Start of ENTRIES SUPPLIED
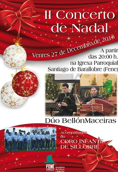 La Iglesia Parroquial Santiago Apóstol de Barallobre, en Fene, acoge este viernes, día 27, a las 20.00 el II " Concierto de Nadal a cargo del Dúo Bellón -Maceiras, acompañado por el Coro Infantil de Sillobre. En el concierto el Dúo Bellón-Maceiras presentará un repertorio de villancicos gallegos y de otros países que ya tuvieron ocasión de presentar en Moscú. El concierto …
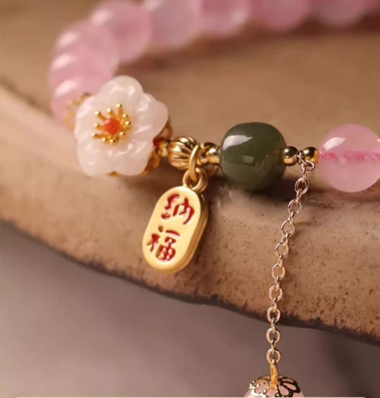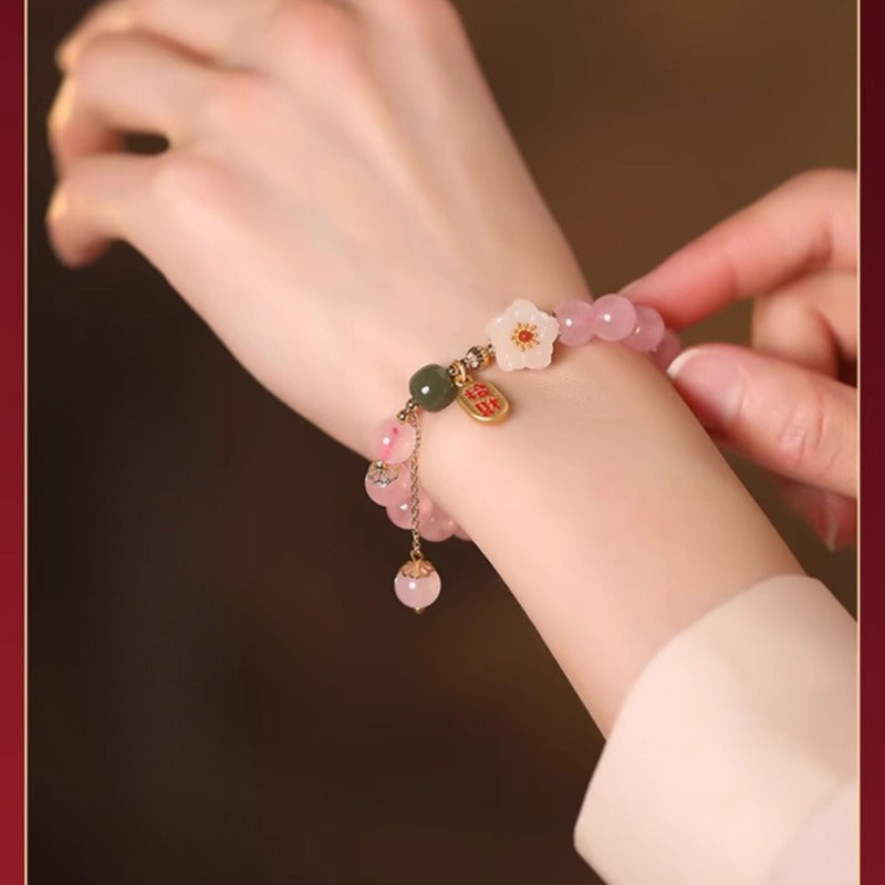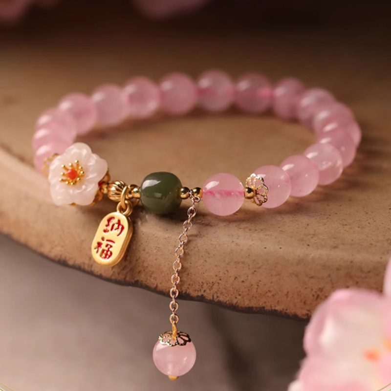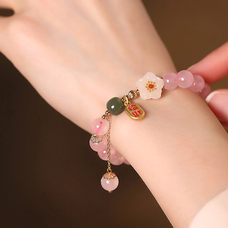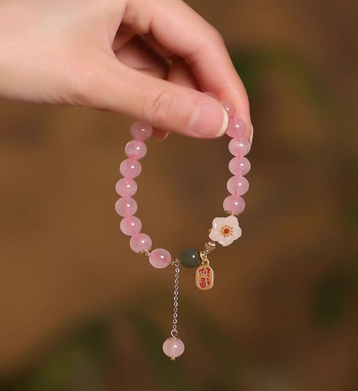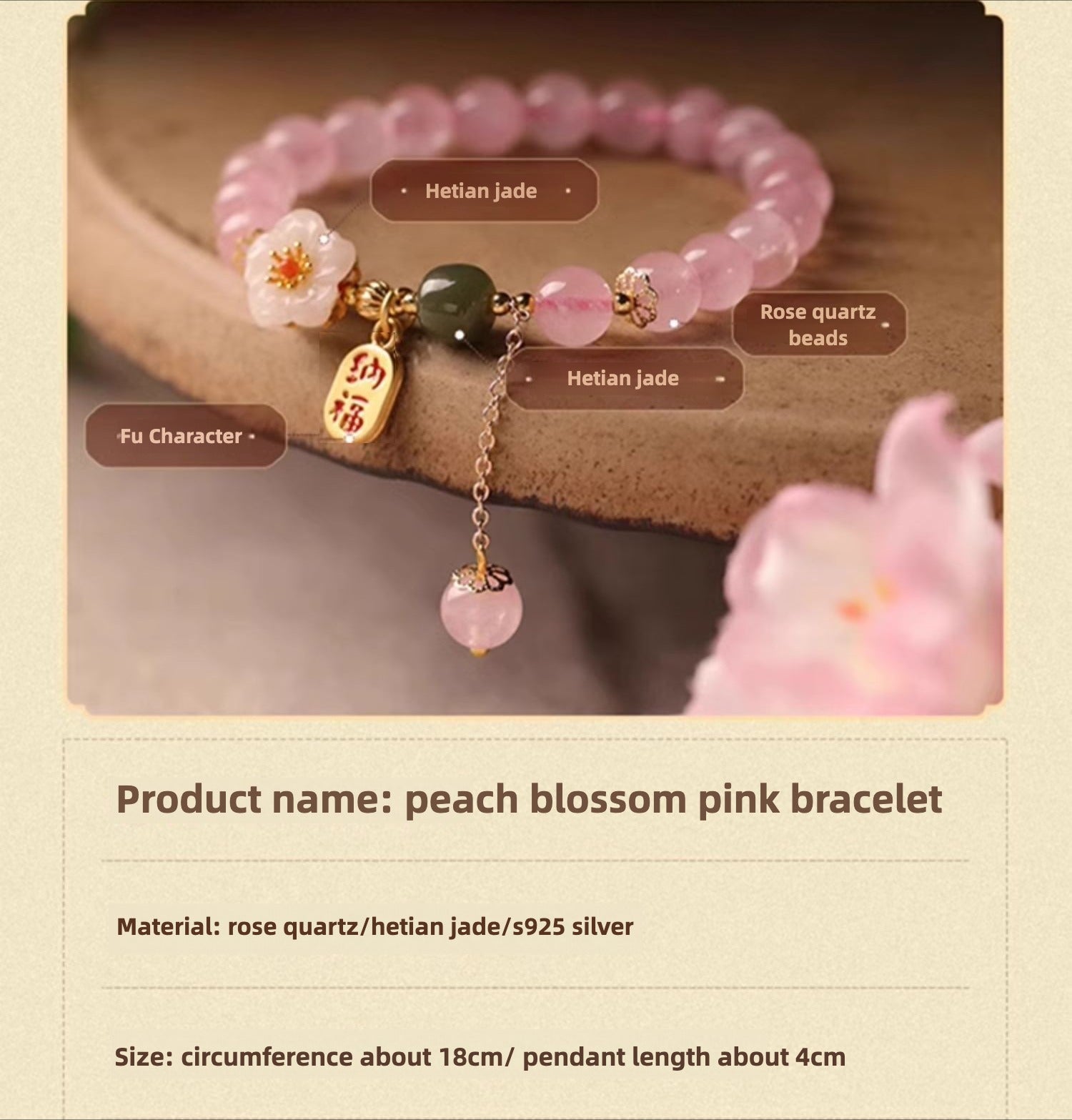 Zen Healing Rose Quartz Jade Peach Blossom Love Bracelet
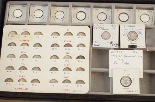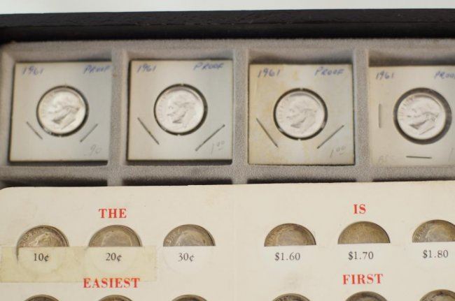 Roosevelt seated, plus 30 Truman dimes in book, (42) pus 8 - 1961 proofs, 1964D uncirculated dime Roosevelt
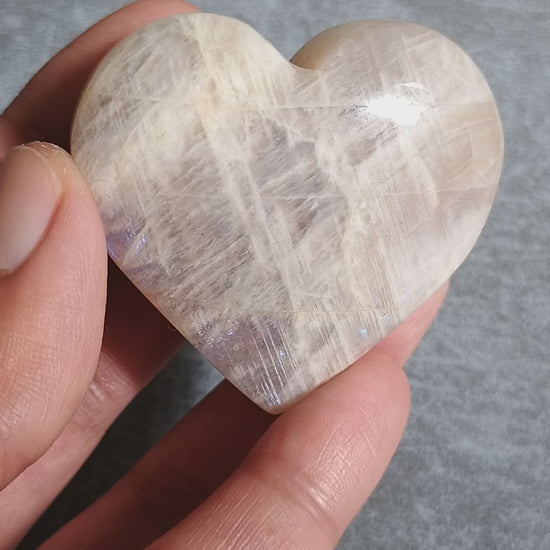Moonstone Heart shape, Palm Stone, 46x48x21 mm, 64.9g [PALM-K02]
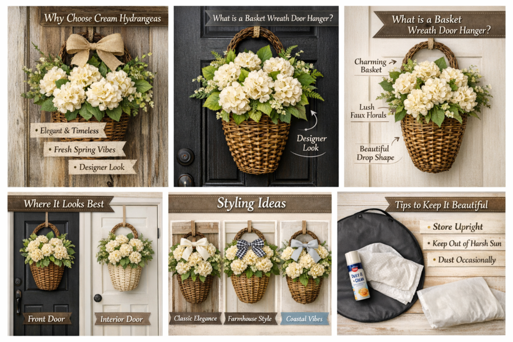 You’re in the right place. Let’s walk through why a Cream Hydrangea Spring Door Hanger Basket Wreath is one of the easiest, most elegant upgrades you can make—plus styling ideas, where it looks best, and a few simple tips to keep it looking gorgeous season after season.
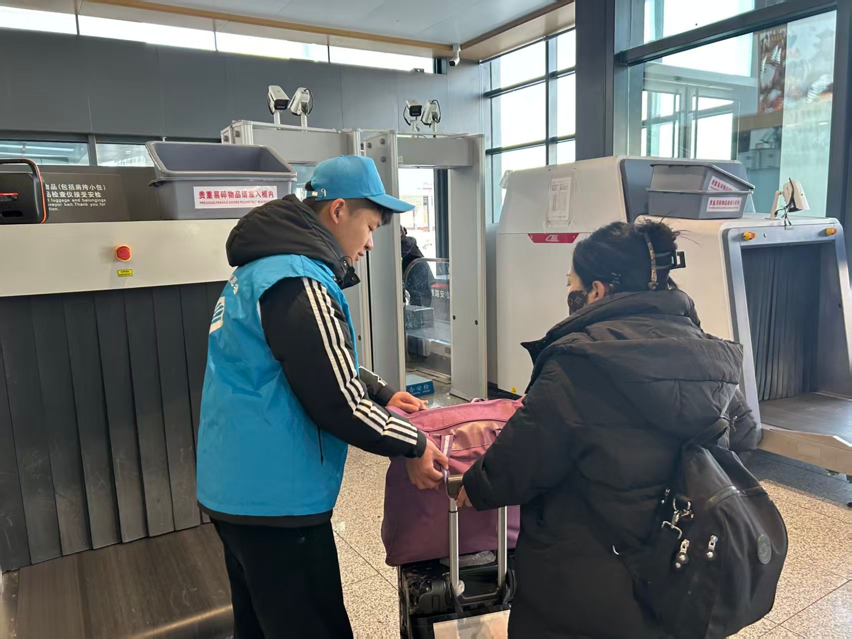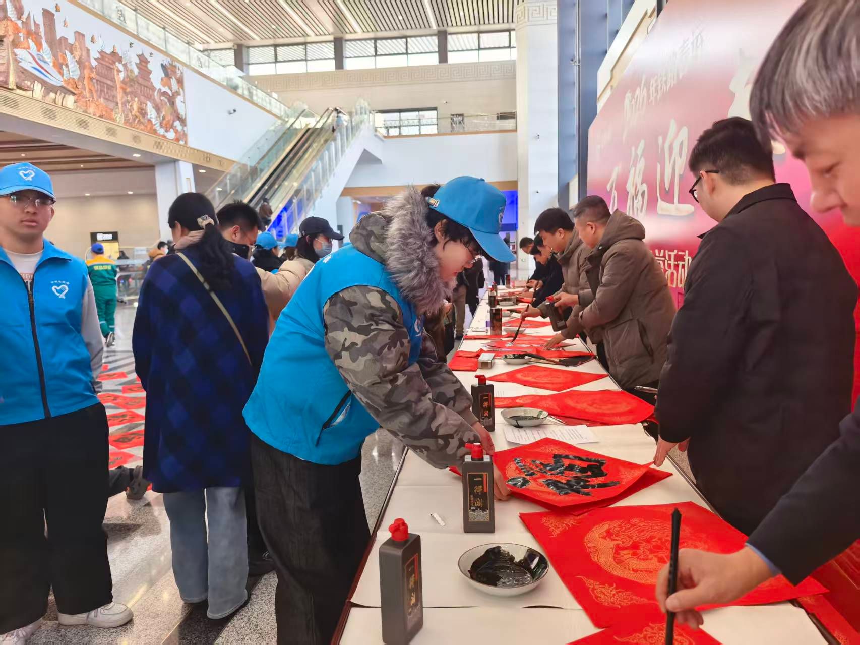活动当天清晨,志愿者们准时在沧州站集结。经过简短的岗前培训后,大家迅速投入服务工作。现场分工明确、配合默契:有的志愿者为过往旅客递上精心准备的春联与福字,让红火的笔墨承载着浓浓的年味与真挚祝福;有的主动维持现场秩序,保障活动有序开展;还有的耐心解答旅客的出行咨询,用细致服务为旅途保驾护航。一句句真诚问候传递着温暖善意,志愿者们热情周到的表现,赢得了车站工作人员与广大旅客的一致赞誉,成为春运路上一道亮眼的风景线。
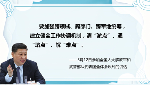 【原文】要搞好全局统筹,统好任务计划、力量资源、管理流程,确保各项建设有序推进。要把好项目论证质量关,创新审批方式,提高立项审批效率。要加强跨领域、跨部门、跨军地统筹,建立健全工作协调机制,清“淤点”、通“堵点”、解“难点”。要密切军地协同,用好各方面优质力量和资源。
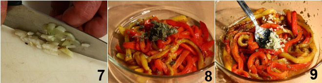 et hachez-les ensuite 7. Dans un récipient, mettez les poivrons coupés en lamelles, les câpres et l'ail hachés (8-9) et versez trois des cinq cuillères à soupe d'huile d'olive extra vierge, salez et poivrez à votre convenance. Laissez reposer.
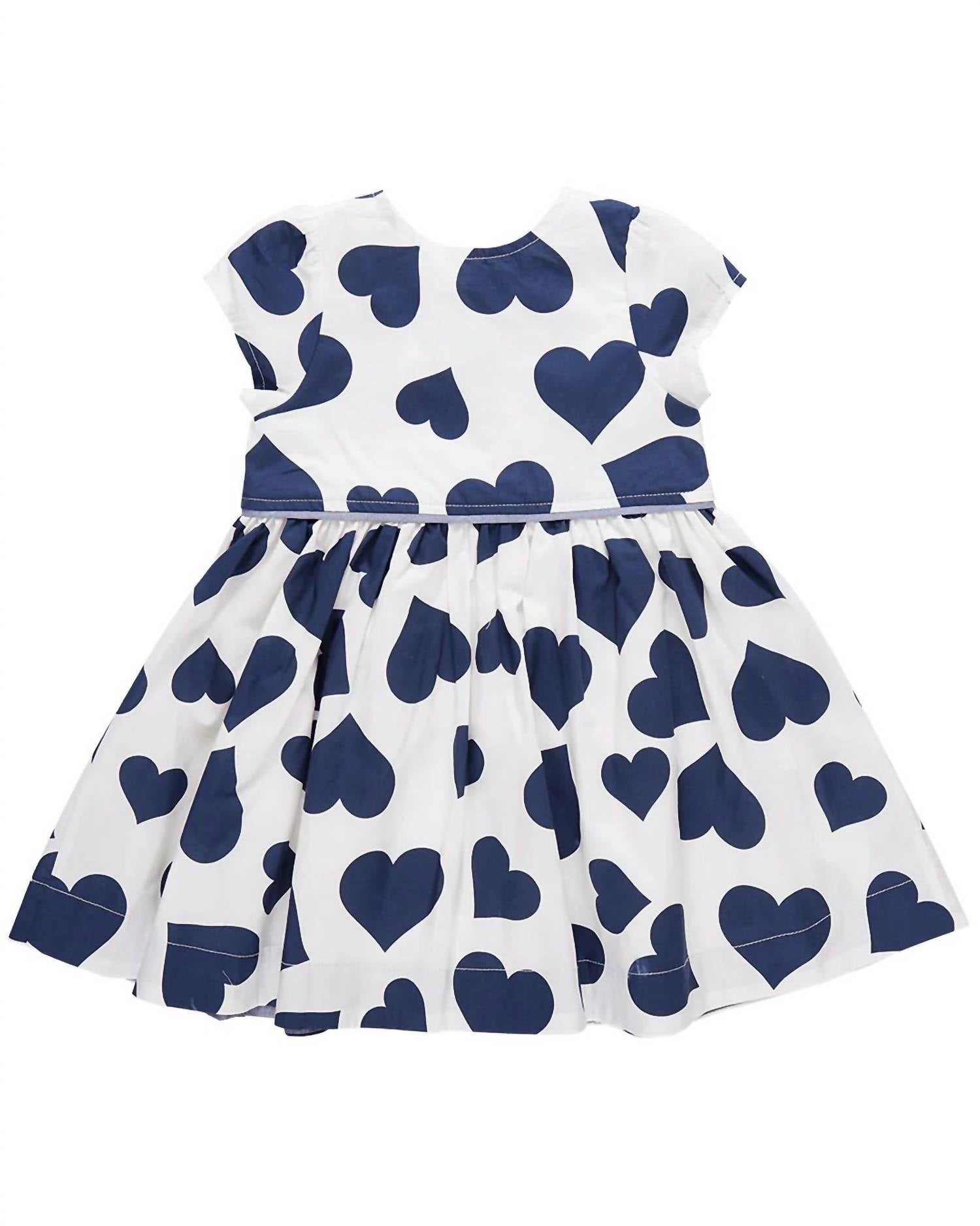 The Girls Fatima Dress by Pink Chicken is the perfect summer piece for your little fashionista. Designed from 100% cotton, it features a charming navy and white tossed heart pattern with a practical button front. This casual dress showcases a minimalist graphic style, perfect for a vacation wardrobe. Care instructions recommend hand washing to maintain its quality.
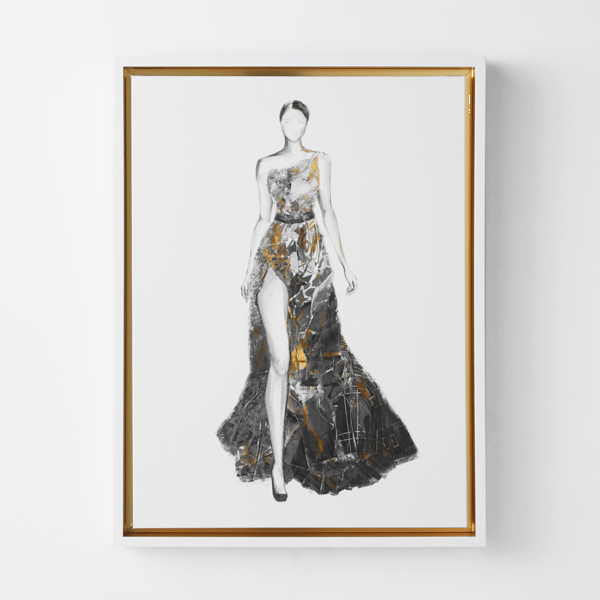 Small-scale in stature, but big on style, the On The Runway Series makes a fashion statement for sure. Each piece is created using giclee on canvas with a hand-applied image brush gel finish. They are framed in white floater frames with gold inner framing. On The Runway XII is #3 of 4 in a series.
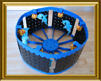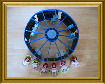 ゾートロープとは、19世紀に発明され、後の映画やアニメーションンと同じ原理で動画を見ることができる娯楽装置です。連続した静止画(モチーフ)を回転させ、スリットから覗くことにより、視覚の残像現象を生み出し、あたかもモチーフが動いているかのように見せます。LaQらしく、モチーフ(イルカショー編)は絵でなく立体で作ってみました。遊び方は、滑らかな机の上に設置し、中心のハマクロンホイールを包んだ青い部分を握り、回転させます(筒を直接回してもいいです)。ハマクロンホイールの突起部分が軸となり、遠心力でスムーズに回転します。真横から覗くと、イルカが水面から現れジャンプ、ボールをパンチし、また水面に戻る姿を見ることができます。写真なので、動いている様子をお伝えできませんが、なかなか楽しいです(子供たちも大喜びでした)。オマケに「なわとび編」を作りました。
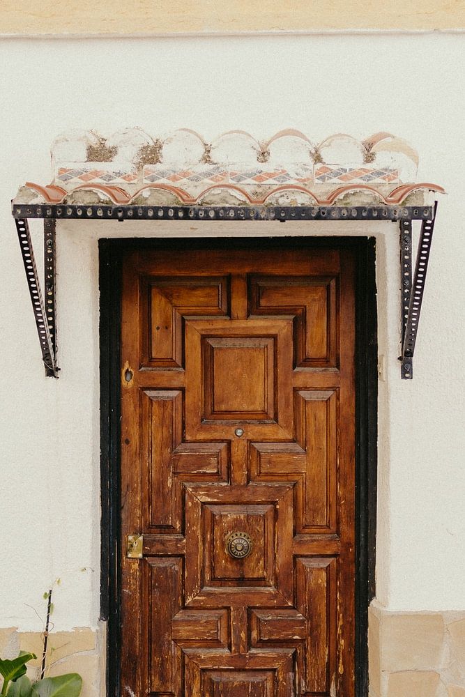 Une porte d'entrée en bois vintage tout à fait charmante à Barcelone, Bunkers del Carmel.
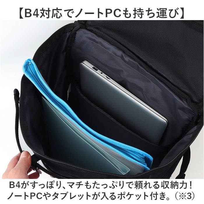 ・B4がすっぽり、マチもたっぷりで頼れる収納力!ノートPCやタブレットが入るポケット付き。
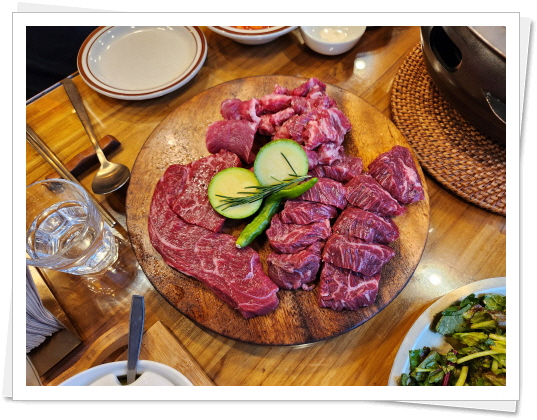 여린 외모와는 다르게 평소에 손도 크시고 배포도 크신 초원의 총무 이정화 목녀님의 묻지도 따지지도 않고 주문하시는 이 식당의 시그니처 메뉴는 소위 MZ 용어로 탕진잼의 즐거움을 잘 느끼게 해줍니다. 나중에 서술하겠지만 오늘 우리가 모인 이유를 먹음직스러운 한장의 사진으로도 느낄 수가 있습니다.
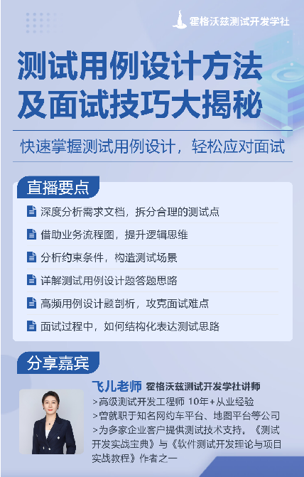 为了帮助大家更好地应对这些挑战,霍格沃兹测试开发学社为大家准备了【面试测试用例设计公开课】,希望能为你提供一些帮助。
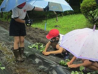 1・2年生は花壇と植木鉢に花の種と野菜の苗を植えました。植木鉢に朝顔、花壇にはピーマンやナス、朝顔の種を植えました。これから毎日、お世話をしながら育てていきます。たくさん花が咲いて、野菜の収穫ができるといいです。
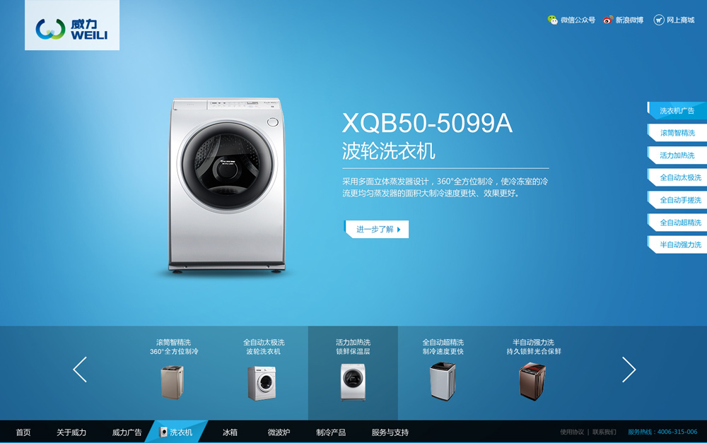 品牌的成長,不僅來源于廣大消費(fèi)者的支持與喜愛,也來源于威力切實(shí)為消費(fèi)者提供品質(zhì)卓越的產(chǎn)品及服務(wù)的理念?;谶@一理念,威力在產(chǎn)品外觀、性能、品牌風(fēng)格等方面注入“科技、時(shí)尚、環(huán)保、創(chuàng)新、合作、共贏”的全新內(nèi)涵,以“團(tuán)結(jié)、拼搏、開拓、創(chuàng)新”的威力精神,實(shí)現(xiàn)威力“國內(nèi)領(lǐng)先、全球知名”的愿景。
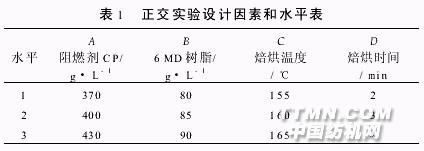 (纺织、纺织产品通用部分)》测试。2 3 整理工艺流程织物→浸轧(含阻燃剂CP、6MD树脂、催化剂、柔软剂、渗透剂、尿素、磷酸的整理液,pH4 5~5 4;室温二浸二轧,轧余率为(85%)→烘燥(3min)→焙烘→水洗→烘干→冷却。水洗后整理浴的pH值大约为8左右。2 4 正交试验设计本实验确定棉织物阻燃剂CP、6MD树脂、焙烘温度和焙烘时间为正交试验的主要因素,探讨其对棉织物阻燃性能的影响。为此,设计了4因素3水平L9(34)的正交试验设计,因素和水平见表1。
End of ENTRIES SUPPLIED
**ACTION ITEM:** Starting with the line that contains "You’re in the" and finishing with the line that contains "Small-scale in stature, but", reproduce every line of the material above exactly, but not the pictures.

**TASK OUTPUT:**
 You’re in the right place. Let’s walk through why a Cream Hydrangea Spring Door Hanger Basket Wreath is one of the easiest, most elegant upgrades you can make—plus styling ideas, where it looks best, and a few simple tips to keep it looking gorgeous season after season.
活动当天清晨,志愿者们准时在沧州站集结。经过简短的岗前培训后,大家迅速投入服务工作。现场分工明确、配合默契:有的志愿者为过往旅客递上精心准备的春联与福字,让红火的笔墨承载着浓浓的年味与真挚祝福;有的主动维持现场秩序,保障活动有序开展;还有的耐心解答旅客的出行咨询,用细致服务为旅途保驾护航。一句句真诚问候传递着温暖善意,志愿者们热情周到的表现,赢得了车站工作人员与广大旅客的一致赞誉,成为春运路上一道亮眼的风景线。
 【原文】要搞好全局统筹,统好任务计划、力量资源、管理流程,确保各项建设有序推进。要把好项目论证质量关,创新审批方式,提高立项审批效率。要加强跨领域、跨部门、跨军地统筹,建立健全工作协调机制,清“淤点”、通“堵点”、解“难点”。要密切军地协同,用好各方面优质力量和资源。
 et hachez-les ensuite 7. Dans un récipient, mettez les poivrons coupés en lamelles, les câpres et l'ail hachés (8-9) et versez trois des cinq cuillères à soupe d'huile d'olive extra vierge, salez et poivrez à votre convenance. Laissez reposer.
 The Girls Fatima Dress by Pink Chicken is the perfect summer piece for your little fashionista. Designed from 100% cotton, it features a charming navy and white tossed heart pattern with a practical button front. This casual dress showcases a minimalist graphic style, perfect for a vacation wardrobe. Care instructions recommend hand washing to maintain its quality.
 Small-scale in stature, but big on style, the On The Runway Series makes a fashion statement for sure. Each piece is created using giclee on canvas with a hand-applied image brush gel finish. They are framed in white floater frames with gold inner framing. On The Runway XII is #3 of 4 in a series.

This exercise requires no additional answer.